Mit diesen neuen Informationen glauben die Forscher, dass sie möglicherweise auch eine neue Behandlung für PCOS in Form eines IVF-Medikaments namens Cetrorelix gefunden haben. Cetrorelix wird verwendet, um die Hormone von Frauen während einer IVF-Runde zu kontrollieren.
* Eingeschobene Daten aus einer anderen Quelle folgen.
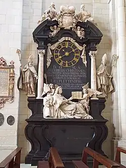 Sein Epitaph wurde von Johann Mauritz Gröninger und seinem Sohn Johann Wilhelm Gröninger geschaffen und befindet sich im St.-Paulus-Dom in Münster.[2] Auffällig ist das große Uhrenzifferblatt, welches nicht nur als Vergänglichkeitssymbol dient, sondern auch rein praktisch als Zeitanzeige. Es ist mit dem Schlag der astronomischen Uhr des Domes synchronisiert.
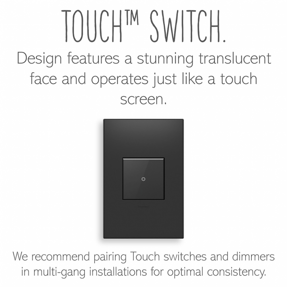 Perfect for anywhere you'd like to upgrade a standard switch with sleek, intuitive touchscreen technology. This stylishly minimalist modern light switch functions just like your smartphone's touch screen - simply touch your finger to turn lights on and off. Use this device on its own to control a light or fixture from a single location, or pair with a second switch to control a single light source from two locations (3-way control).This switch* features enduring Microban? antimicrobial technology that works to reduce the growth of bacteria, around the clock, for the lifespan of the product.* Existing inventory of switches, dimmers and plastic wall plates from the adorne? Collection at some partner locations may not yet include Microban? protection. To confirm that a specific Legrand product is protected with Microban?, check that the exterior of the product packaging includes a green dot or a ""Protected with Microban"" label.Made exclusively for use with screwless Wall Plates from the adorne? Collection, sold separately.No antimicrobial efficacy claims are being made or are valid with respect to products sold in Canada.
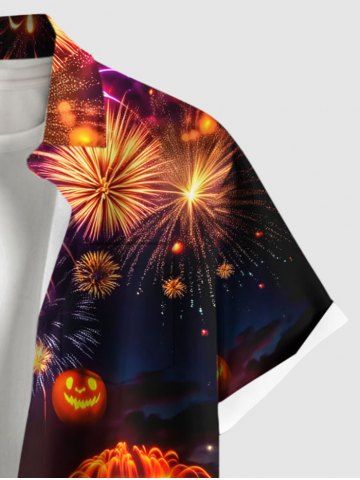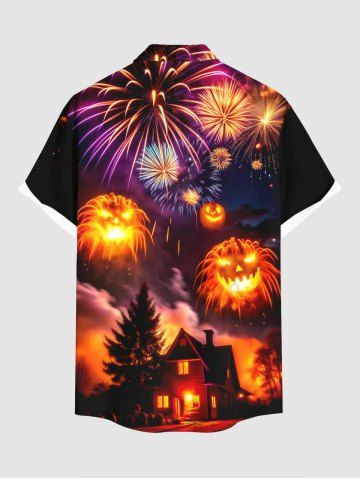 Homme> Chemise grande taille à imprimé citrouille, feux d'artifice, galaxie, arbre, château, Halloween, boutonnée, poche, pour homme
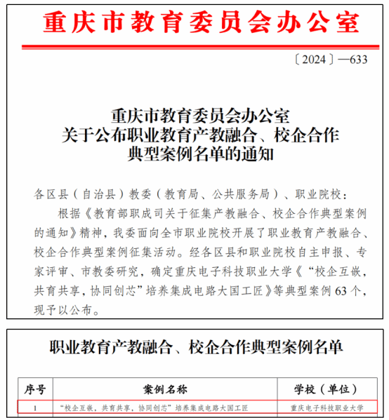 2024年11月12日,重庆市教育委员会办公室发布了《关于公布职业教育产教融合、校企合作典型案例名单的通知》(图1),我校申报的《“校企互嵌,共育共享,协同创芯”培养集成电路大国工匠》成功入选。

Wenn es jedoch den Mäusen verabreicht wird, um der Wirkung des Anti-Müller-Hormons entgegenzuwirken, beendet das Medikament die Symptome des Syndroms der polyzystischen Eierstöcke bei den behandelten Mäusen wirksam.

Es besteht nun die Hoffnung, dass Frauen, die an PCOS leiden, mit Cetrorelix behandelt werden, um ihre Symptome zu lindern.
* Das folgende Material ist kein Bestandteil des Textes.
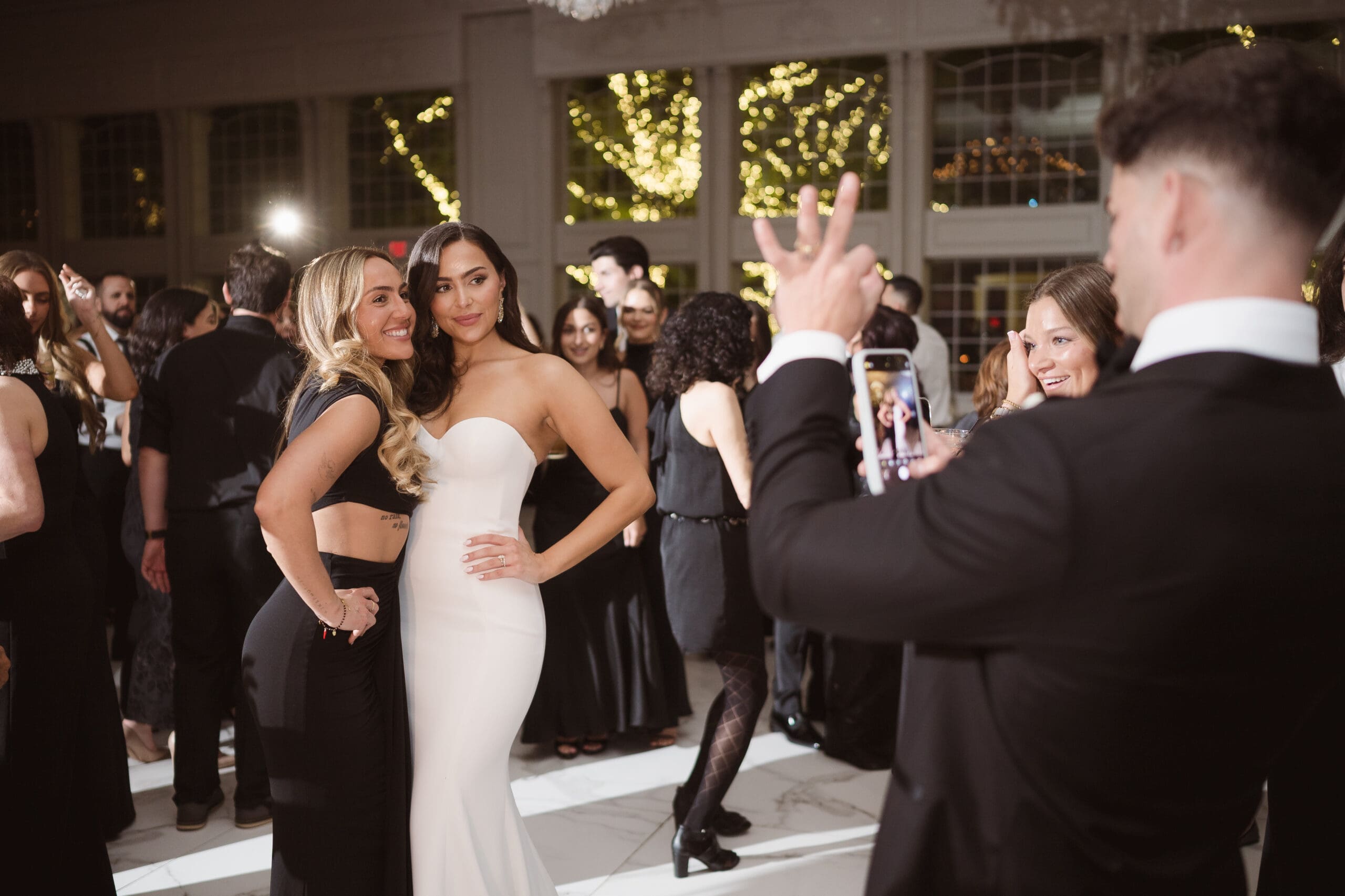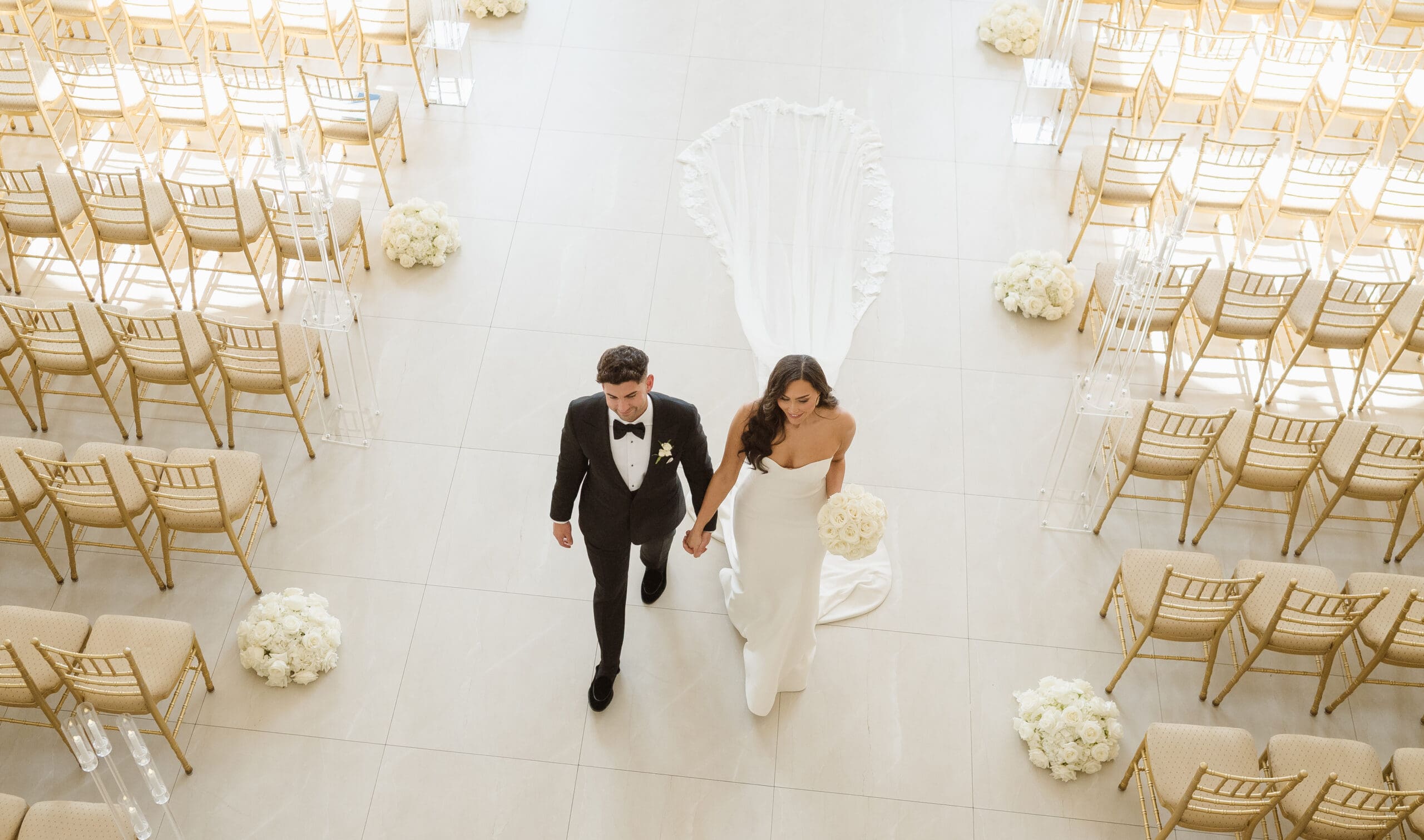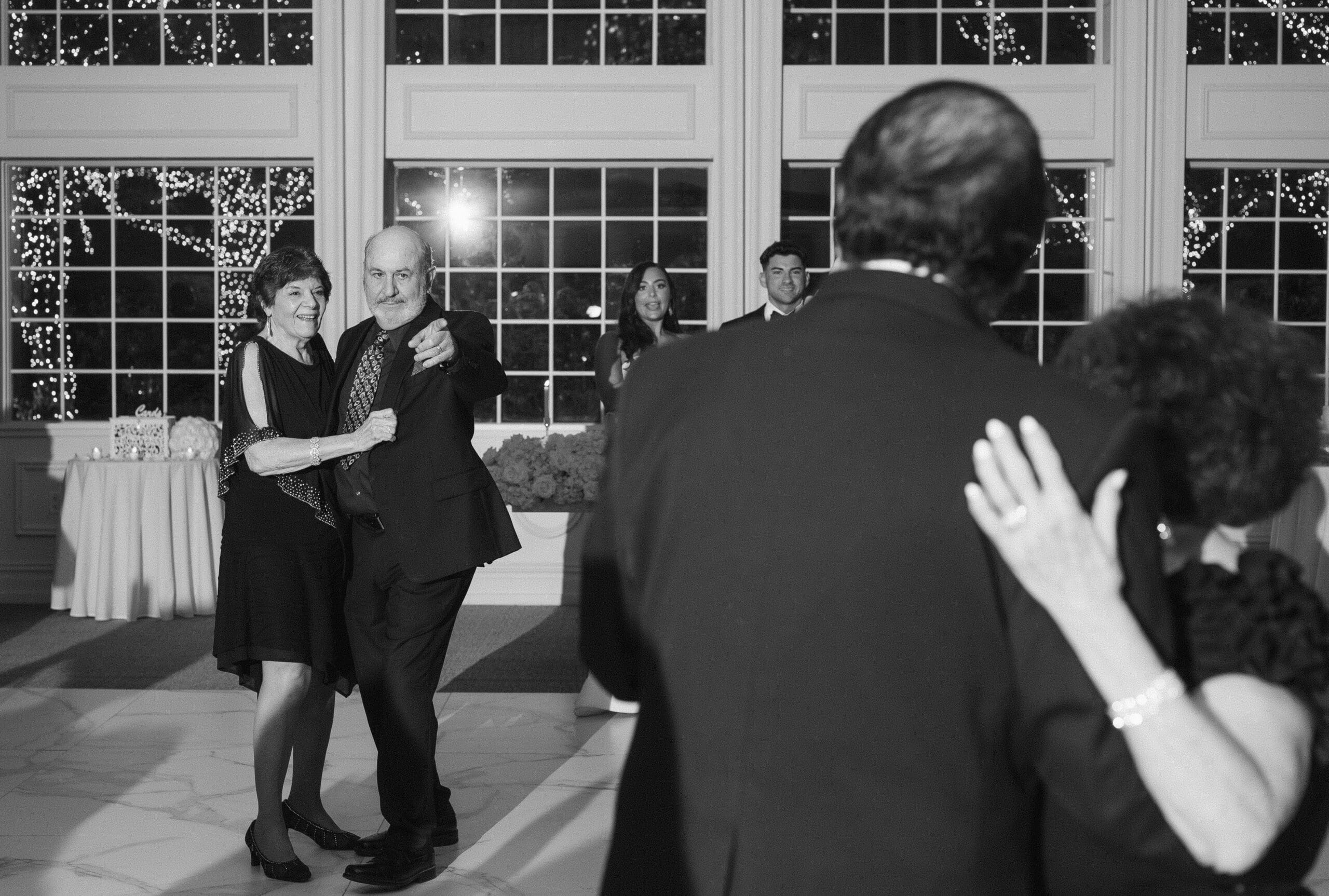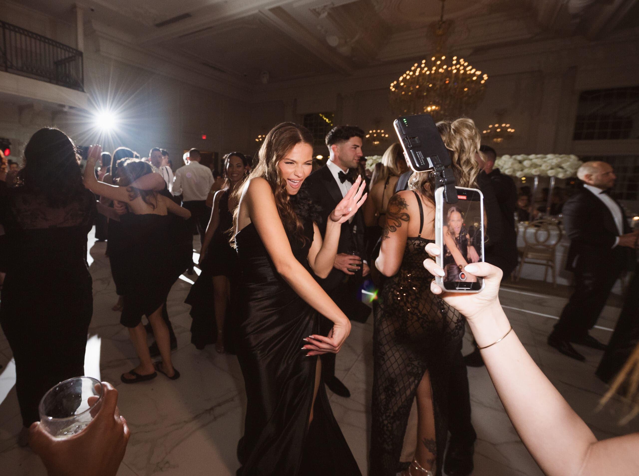 The couple requested a formal dress code in all black. The floral arrangements featured a mix of white and ivory, with minimal greenery.

"Es könnte eine attraktive Strategie sein, den Eisprung wiederherzustellen und schließlich die Schwangerschaftsrate bei diesen Frauen zu erhöhen", sagte Giacobini kürzlich gegenüber New Scientist.
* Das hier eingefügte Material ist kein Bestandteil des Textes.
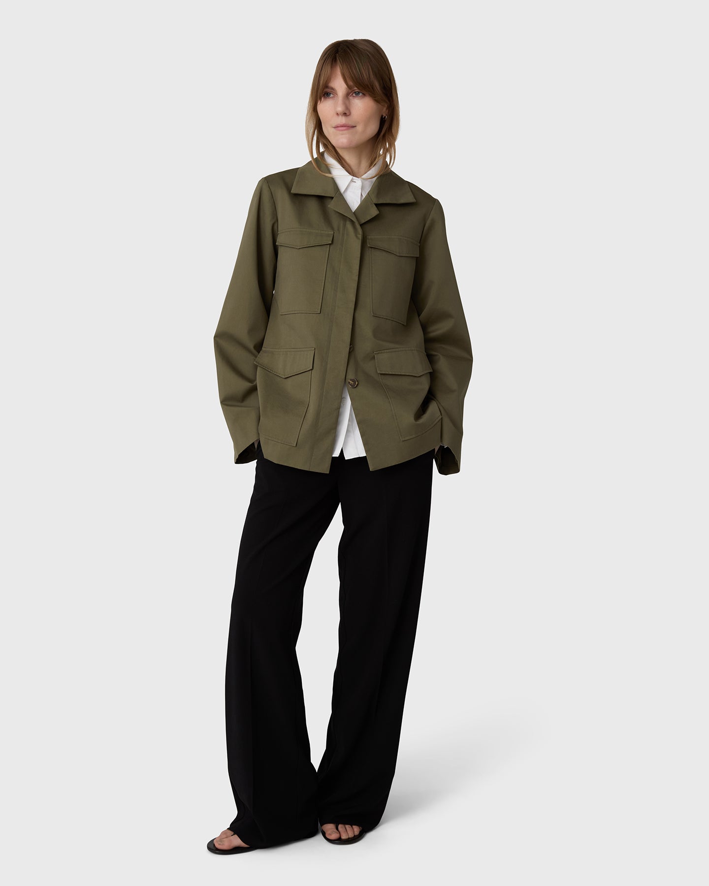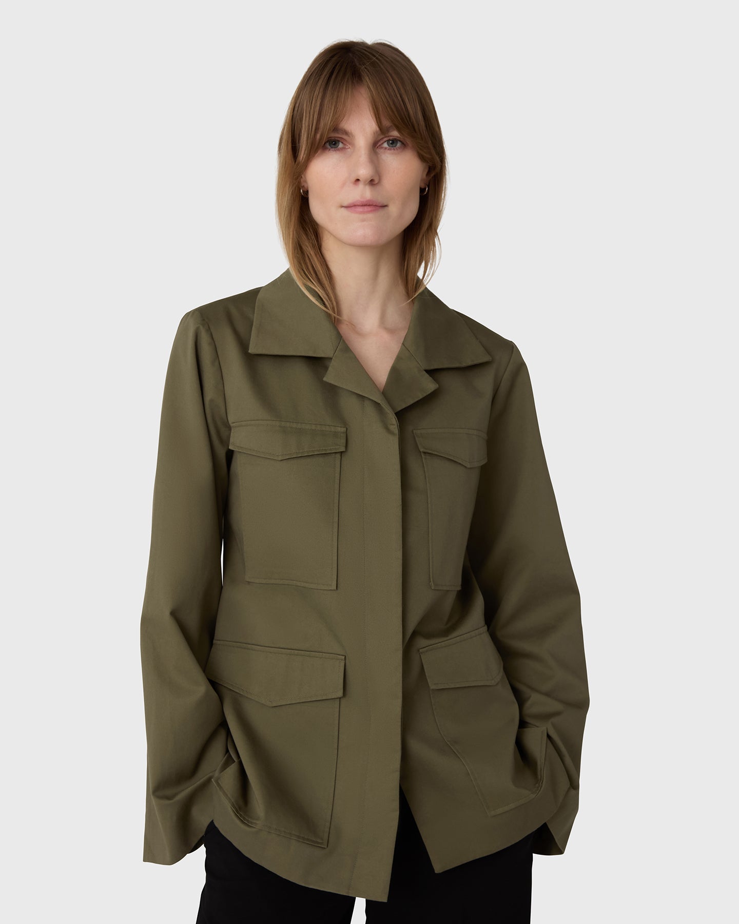 The Riley Cotton Army Jacket is crafted from soft, durable cotton, offering a fitted, slightly longer design with wider sleeves and a clean silhouette. Balancing structure and ease, it is a refined outer layer designed to move effortlessly through your day.

Das Team plant derzeit eine klinische Studie mit Cetrorelix bei Frauen mit PCOS, die voraussichtlich vor Jahresende beginnen wird.

Zwar müssen noch weitere Untersuchungen durchgeführt werden, doch die Tatsache, dass möglicherweise eine Behandlung für die Millionen von Frauen möglich ist, die an dieser Krankheit leiden - eine, die keine Operation erfordert und möglicherweise auch bei Unfruchtbarkeit helfen könnte -, ist geradezu bahnbrechend.

Für mich persönlich bedeutet das wie für viele Frauen sehr viel. Als ich zum ersten Mal versuchte, schwanger zu werden, fühlte sich mein Körper an, als würde er gegen mich kämpfen. Ich hatte überhaupt keine Perioden und ich litt unter zeitweiligen Beckenschmerzen.

Nachdem ich ein Jahr lang nicht schwanger geworden war, ging ich zu meinem Arzt. Ich habe einen Schwangerschaftstest gemacht, wie es bei jedem Bürobesuch üblich war - und zu meinem Schock kam er positiv zurück!

Der Arzt führte dann eine Ultraschalluntersuchung durch, um dies zu bestätigen, und zu meinem Entsetzen sagte er mir, dass er noch keine Schwangerschaft sehen konnte - er fand jedoch zwei große und mehrere kleinere Zysten. Er diagnostizierte bei mir ein polyzystisches Ovarialsyndrom (PCOS) und sagte, dass sie meine Hormone weiterhin auf mögliche Schwangerschaften überwachen würden, was später bestätigt wurde.

Ich war dankbar in der Lage, an dieser Schwangerschaft festzuhalten, aber die Symptome meines PCOS sind nie verschwunden. Die Symptome variieren bei Frauen, können jedoch unregelmäßige Menstruationszyklen, Probleme bei der Zuckerregulierung, übermäßiges Wachstum der Gesichtsbehaarung, Haarausfall, Eierstockzysten und Probleme beim Schwangerwerden umfassen. Tatsächlich ist PCOS die häufigste Ursache für Unfruchtbarkeit bei Frauen.